Comprehensive Analysis of Gene Expression and Prognostic Significance in TCGA-COAD Dataset. (A) An upset plot illustrating the intersections among differentially expressed genes (DEGs) in tumor versus normal tissues, three categories of prognostic genes associated with overall survival (OS), disease-specific survival (DSS), and progression-free interval (PFI), along with three types of ferroptosis-related genes (FRGs): unclassified genes (those associated with ferroptosis whose regulatory roles are not yet defined), markers (genes indicating the occurrence of ferroptosis), and drivers (genes promoting ferroptosis). DEGs were selected based on criteria of a log2 fold change ⩾ 1 and an adjusted P-value (Padj) <.05. Prognostic genes for poor OS, DSS, and PFI were identified with hazard ratios > 1 and P-values < .05. The analysis identified six intersection genes—ASNS, TIMP1, H19, CDKN2A, HOTAIR, and ASMTL-AS1—that concurrently appear across DEGs, OS, DSS, PFI, and FRG categories. (B) The expression levels of the six intersection genes in unpaired tumor versus normal tissues within the TCGA-COAD dataset. These 6 genes were all upregulated in tumor tissues. (C) The expression levels of the six intersection genes in paired tumor versus normal tissues within the TCGA-COAD dataset. These 6 genes were all upregulated in paired tumor tissues.

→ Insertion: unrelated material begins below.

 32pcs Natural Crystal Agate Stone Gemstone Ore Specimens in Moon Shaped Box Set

Expression patterns of intersection genes
Subsequent analysis of expression levels in the TCGA-COAD dataset demonstrated that these 6 intersection genes were consistently upregulated in tumor tissues compared to normal tissues. This pattern was observed both in unpaired (Figure 1B) and paired sample analyses (Figure 1C), underscoring the potential role of these genes in tumorigenesis and their association with ferroptosis in CRC.

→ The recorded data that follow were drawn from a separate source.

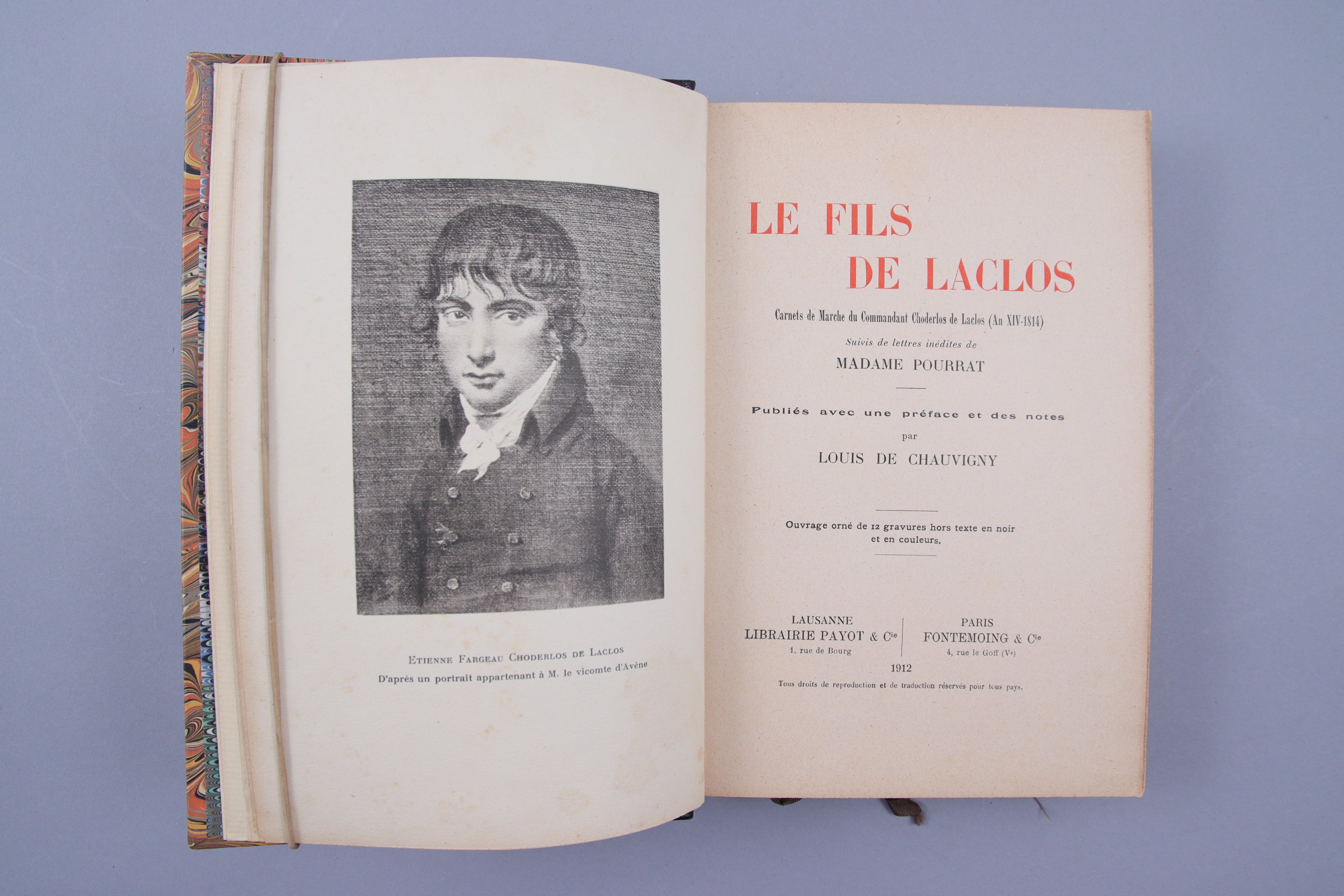 Edition originale. 1 des 300 exemplaires numérotés sur vélin fort. Complet de ses 12 illustrations hors-texte, dont 6 en couleurs. Austerlitz, campagne de Prusse, Eylau, Friedland, Tilsit, campagne d'Allemagne, campagne de France jusqu'au 18 mars 1814, date à laquelle Choderlos est tué d'une balle à la tête.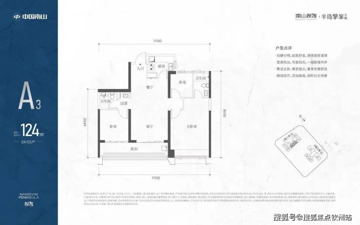 A3也是两条腿,分别是1-1栋04/05,主朝向是东南向,双龙抱珠格局。客厅拥有超大观景阳台,缺点是公卫是个暗卫,小次卧和主卫也对天井外走廊,采光不足。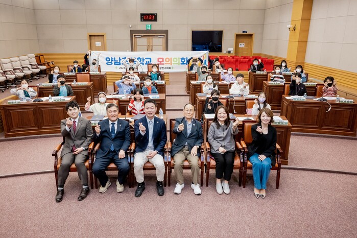 이날 ‘2023년 제1회 어린이 모의의회’에는 양남초등학교 5학년 학생 26명이 참여했으며, 추윤구 의장을 비롯해 신진호 부의장, 장길천 의회운영위원장, 김상배, 김상희, 최일환, 고상순 의원이 함께 했다.
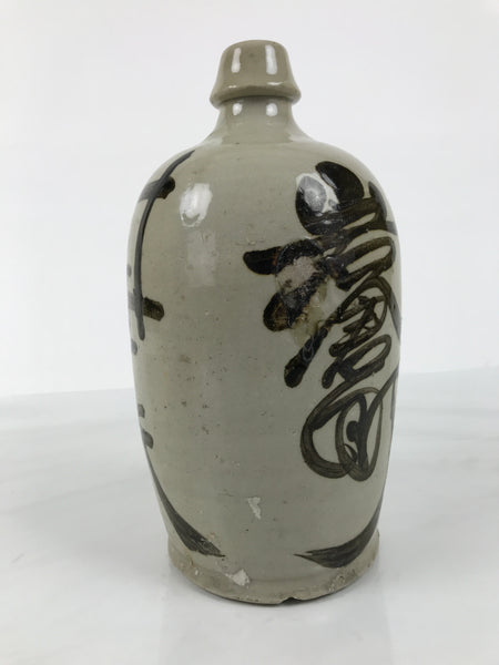 This is an antique Japanese ceramic sake bottle. It is called a Kayoi-Tokkuri and is used to pour sake. The commuting sake bottle became popular as a rental container for liquor stores in the Edo period when sake began to be consumed daily. This gray bottle has black characters.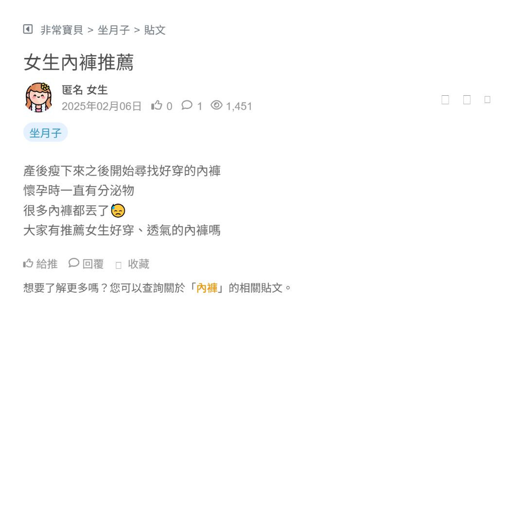 很需要產後塑身衣讓我回覆體態 少女的身材快回不去了😭 請問有沒有推薦不緊、有效的產後塑身衣 謝謝大家~ 看更多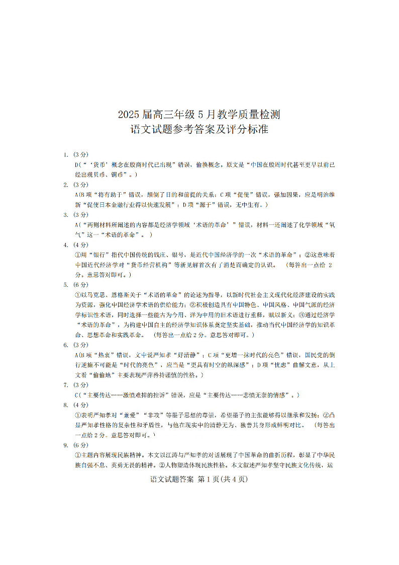 合肥市2024-2025学年下学期5月高三三模教学质量检测语文答案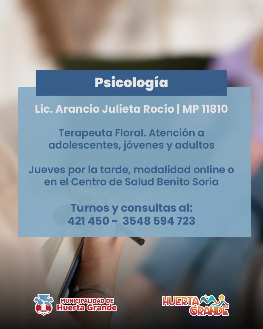 La Lic. Arancio Julieta Rocío brinda atención psicológica y terapia floral para adolescentes, jóvenes y adultos, ofreciendo un espacio de contención y bienestar.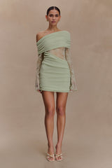 The LUXIE Lace Knit Mini Dress blends delicate detail with directional design. Featuring an asymmetrical neckline, the long lace sleeves and bodice offer a semi-sheer contrast to the soft knit overlay that wraps the bust and skirt. Designed in a mini length with a body-skimming fit, this dress is equal parts sultry and sophisticated—perfect for after-dark occasions and statement evenings.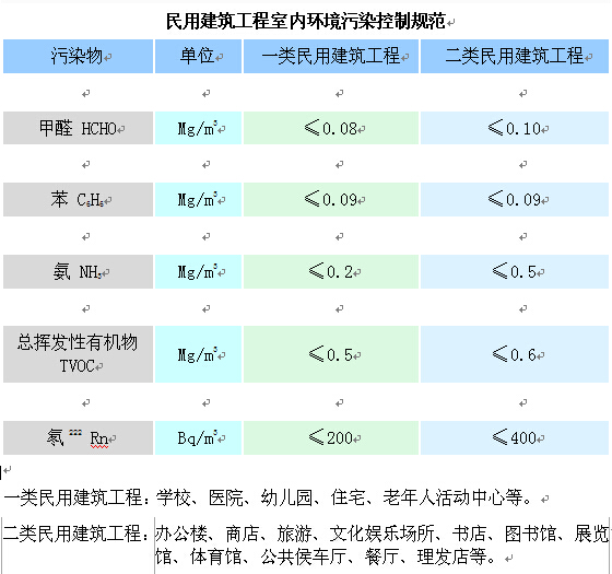 ———限量值不同,“規范”將限量值劃分為以住宅為主的Ⅰ類建筑和以辦公樓為主的Ⅱ類建筑,分別予以規定;“標準”則不進行劃分,采用統一的標準。“標準”中的限量值除氨外,其它值基本為“規范”的Ⅱ類建筑限量或介于兩類之間,而苯的限量值更大。

Prognostic impact of ferroptosis-related intersection genes
Further investigation into the prognostic significance of the 6 intersection genes was conducted through survival analysis. A forest plot was constructed to visually represent the hazard ratios for OS, DSS, and PFI associated with each of the 6 genes. The analysis illuminated the considerable prognostic impact these genes possess, with all 6 showing significant associations with survival outcomes in the TCGA-COAD dataset (Figure 2). This evidence strongly suggests that the dysregulation of these FRGs plays a critical role in the prognosis of CRC patients, highlighting their potential as biomarkers for disease progression and treatment response.

Prognostic Impact of Intersection Genes on Survival Outcomes in TCGA-COAD Dataset. A forest plot displaying the prognostic significance of the six intersection genes in relation to OS, DSS, and PFI within the TCGA-COAD dataset.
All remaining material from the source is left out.